異魔話武可誌
『異魔話武可誌』(いまはむかし)は、1790年(寛政2年)に須原屋茂兵衛などから出版された、勝川春英・勝川春章(補助)[1]による妖怪を主題とした版本である。
概要
[編集]浮世絵師・勝川春英とその師である勝川春章によって描かれた妖怪画を収録した版本で、図には色数は少ないものの彩色もほどこされており数種の色板によって多色摺りされている。最終丁は宝船の図が描かれている。図のみが収録されており、文字情報は序文(無署名)と妖怪の名前が示されているだけである。図は、見開きで1画面が構成されているものもあるが、半丁(1ページ)のものもあり、一定はしていない。

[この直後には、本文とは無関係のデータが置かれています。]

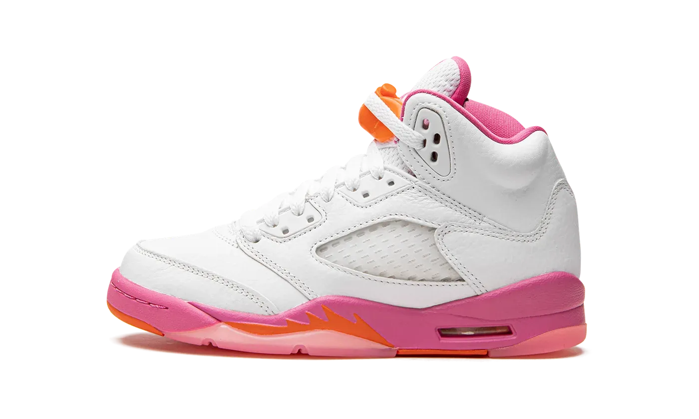 The Air Jordan 5 GS "Pinksicle" is the youth sizing of Michael Jordan's fifth signature shoe in a casual colorway with a spring and summer vibe. The "Pinksicle" brings a laidback look to the vintage basketball shoe. The shoe's upper is constructed in white leather. Translucent netting appears on the mid-panel and on the tongue. A Pinksicle-colored Jumpman is embroidered on the back of the shoe and on the tongue. An orange lace lock breaks up the design's neutral-based appearance. Orange shark tooth detailing appears on the pink midsole. Release date: July 1, 2022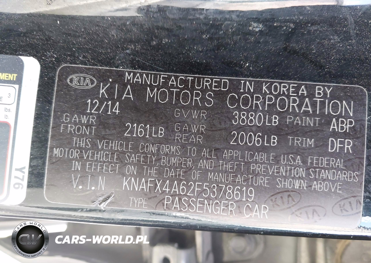 IAAI Nr: I-44525473 VIN: KNAFX4A62F5378619 Port: Houston, TX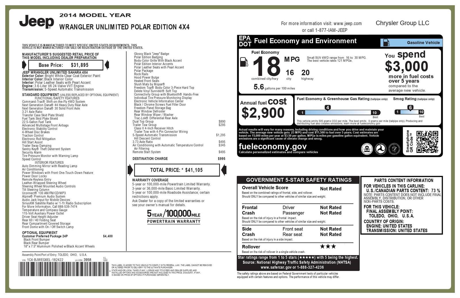 2014 Jeep Wrangler Unlimited Polar Edition

本書の伝本は非常に少ない。大英博物館の所蔵本には若井兼三郎(日本美術品輸出商・「起立工商会社」副社長。1834-1908)の印章が確認できる[2]。
列国怪談聞書帖
[編集]『列国怪談聞書帖』(れっこくかいだんききがきぞうし)は1802年(享和2年)に三崎屋清吉(文栄堂)から出版された読本(よみほん)である。『異魔話武可誌』の版木を流用し、十返舎一九による文章を足して再構成された作品である。
一九により、それぞれの妖怪に関する説話が付けられているが、すべての妖怪画に文章が付けられているわけではない(33点のうち17点)。『異魔話武可誌』には存在しなかった新規の図や、収録されなかった図、妖怪の名称が異なっている図も存在するが、その異動改竄の意図は明確にはなっていない。また『異魔話武可誌』最終丁の宝船の図も存在していない。
怪談百鬼図会
[編集]『怪談百鬼図会』(かいだんひゃっきずえ)は刊行年代不詳であるが、『列国怪談聞書帖』と同様に十返舎一九の序を加えて再構成・再刊行された『異魔話武可誌』である。
風俗研究家・江馬務は『日本妖怪変化史』で同書から図版を引いており、引用書名に『怪談百鬼図会』とある。ただし『小夜しぐれ』などと並んで、図版キャプションの画家名の併記が欠けており、画家名が併記されていた鳥山石燕(『百鬼夜行』)や竹原春泉斎(『桃山人夜話』)などとは違い、画家名と書名が結び付けられて紹介されることは1990年代後半になるまで少なかった。